The residents of Racibórz, first mentioned in 1108, drew water from the Oder river, its mill streams, local brooks, and numerous wells until the early 20th century. An additional supply was also provided by an artificial canal built by Dutch settlers in the mid-13th century (the first mention of it dates back to 1258). This canal, later called Psinka, was 12 km long and was a unique hydraulic engineering solution for its time in Silesia. It started near Bieńkowice, fed by the Psina river, ran parallel to the Oder, irrigating surrounding fields, passed through Racibórz, and emptied into the river. Within modern Racibórz, it ran through Studzienna, then through what is now the neighborhood by Kosmonautów Street, along Polna Street, crossing Opawska and Ocicka streets, later running parallel to Warszawska and Klasztorna streets, turning onto Kasprowicz Street, and ending at Wojska Polskiego Street. A dam and water reservoir were located on the site of the school for the deaf, which could be used for firefighting. Water was also delivered to the city through the Water Gate. At the square at the intersection of Wojska Polskiego and Karol Miarkia streets, there was a pumping station consisting of eight main and six side tanks. Water was pumped into the municipal water supply using a wheel powered by Psinka. The canal then flowed northwest, crossing Stalmach and Londzin streets, reaching the mill of Józef Doms. It was then a short distance to the canal's outlet to the Oder, located near today's Śląska Street.

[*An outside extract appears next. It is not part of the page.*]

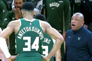 GIF-雄鹿落后20分 里弗斯和字母哥溝通 后者直接忽視
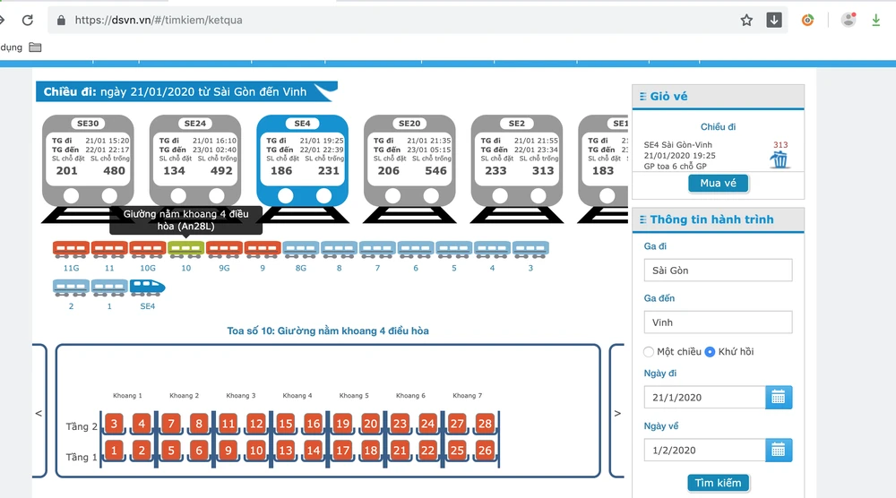 “Tôi cần mua vé khứ hồi từ Sài Gòn về Vinh và từ Vinh về Sài Gòn. Đi ngày 21-1 (là ngày 27-12 âm lịch), về lại Sài Gòn vào ngày 1-2, đi giường nằm điều hòa, tàu SE4. Biết thông tin nay là ngày đầu bán vé tàu tết nên phải mua ngay. Sáng tôi bận việc chưa mua được, với nghĩ nay mới là ngày đầu. Nhưng tới chiều tối nay, tôi vào trang dsvn.vn thì giường nằm đã hết chỗ” - chị Vân (Nghệ An) cho biết.

In Studzienna, a branch of the canal ran through the city center and emptied into the Oder beyond Odrzańska Street. Traces of this branch were found in 1829 during the construction of the school at the site of today's fountain in front of the parish church. This branch likely split before the market square. The second branch probably bypassed the market square from the west and then reconnected with the canal crossing Odrzańska Street. Although it was merely a water ditch, it is recognized as the first confirmed water supply system in Upper Silesia.

In the late 1960s and early 1970s, Psinka within Racibórz was filled in, and its channel was enclosed in sewer pipes. Remnants of the dry ditch are still visible on the southern outskirts of Racibórz. However, the side canal from Studzienna to the sluice area on the Oder remains active, currently carrying water from streams in Studzienna. A 1306 reference mentions a water supply canal fed by the Oder running along the moat, from the mill in Nowe Miasto to Racibórz.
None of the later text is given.